How do we know that we are truly in Christ?
While reading through the Gospel of Matthew a few months ago, I was struck by a theme – there are going to be a lot of surprises on Judgment Day. Not good ones. Religious people who thought they had it, but it turns out, had nothing. People who had called on Jesus’ name, had cast out demons and performed miracles and had done wonderful things in Jesus’ name, but will be pronounced “evil doers” and sent away. How do we know that we are not one of them?
1 John was written “to you who believe in the name of the Son of God so that you may know that you have eternal life” (5:13). The proofs of life in Jesus that he lays out are:
1) Christians walk in light and not darkness (1:5-7), because they walk with God.
2) Christians acknowledge their sinfulness (1:8-10), and so confess and receive forgiveness.
3) Christians obey God’s commands (2:3-6, 5:2-4), because they know and love God.
4) Christians love other Christians (2:9-11, 3:10, 3:16-18, 4:7-12, 4:20-21), because love comes from God.
5) Christians do not love the world (2:15-17), because love for darkness comes from darkness.
6) Christians do what is right (2:29, 3:10), because they are born of God, who is righteous.
7) Christians do not live in sin (3:5-9, 5:18), because God abides in them, and Jesus was revealed to take away sin.
8 ) Christians have the Holy Spirit living in them (3:24, 4:13), enabling them to keep God’s commands and please God.
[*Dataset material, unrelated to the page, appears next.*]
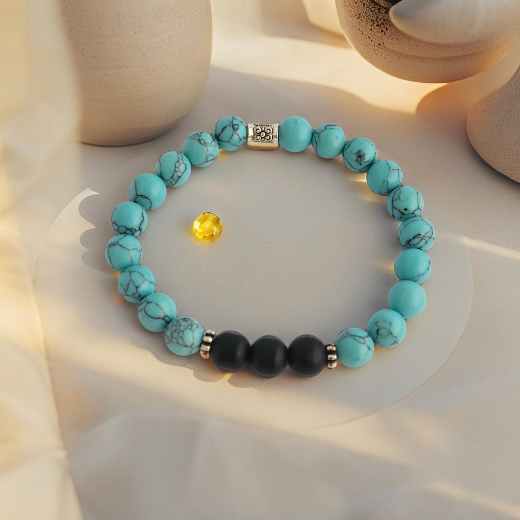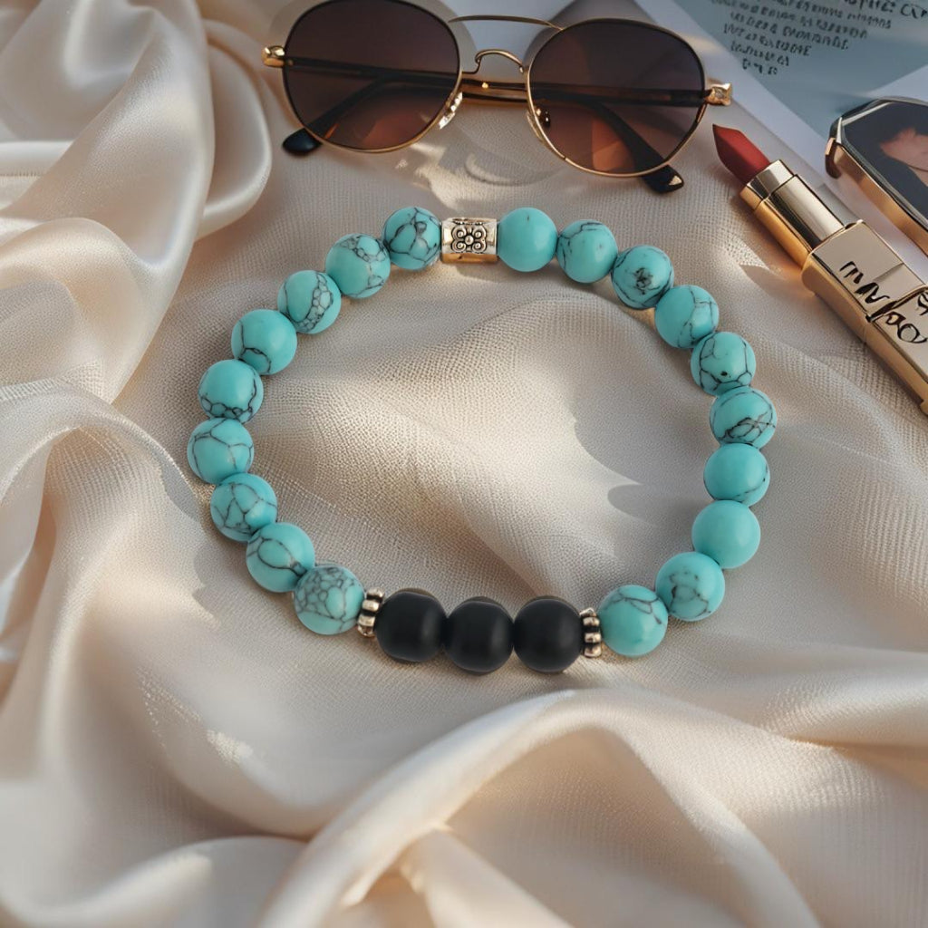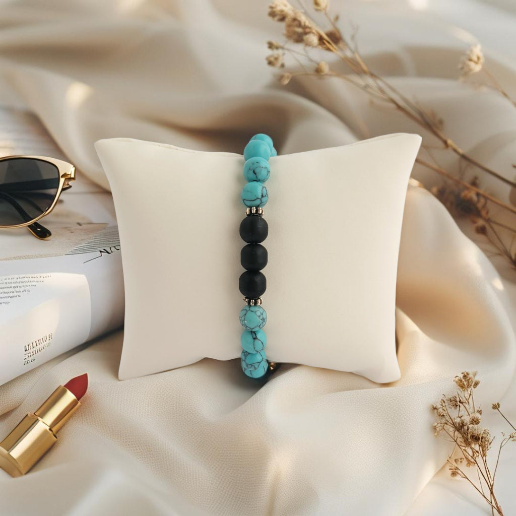De 'Ocean Bold' armband combineert de krachtige uitstraling van matte zwarte stenen met de frisse turquoise edelstenen voor een opvallend en stijlvol contrast.

9) Christians believe that Jesus Christ was born of God (4:15, 5:1, 5:5, 5:11-12), and God abides in those who hold to that confession.
Surprisingly, many of the ways we are assured of our salvation by well-meaning leaders or friends, are the very things not listed here. It never says to look at what you did – saying a prayer or really meaning it, or having a big emotional conversion. These things are not indicators – only what God has done in us through His Holy Spirit can assure us of His work in us. The proof is in the fruit – which is generated only by the grace of God as we abide in Him (see John 15).
So, if you’ve prayed a prayer and you don’t see the above things in your life, then you have reason to be worried. I think we often want to encourage people that, because they “called on the name of the Lord,” they are saved. But Jesus says, “Not everyone who says to me, ‘Lord, Lord,’ will enter the kingdom of heaven, but only the one who does the will of my Father.”
We need to stop giving people false hope. We cannot say “Jesus is about a relationship, not a religion,” but then expect that a (magical?) sinner’s prayer will do the trick.
No, I’m not advocating a works-based salvation. I’m saying that we need to take a grace-based salvation seriously. In Scripture, faith and works are never opposites, they are inextricably linked. Dallas Willard once said, “Grace is not the opposite of works, it is the opposite of earning.” You cannot have faith without also having works (see James 1-2). Faith without works is dead – not a “lesser” faith that just needs to be motivated. It’s dead.
I’m not saying (and neither is John) that these nine things are things that you have to do to be saved. Not at all. They are evidence of grace. If we take God’s grace seriously, then we acknowledge that it is a powerful grace that not only saves us, but carries the work to completion.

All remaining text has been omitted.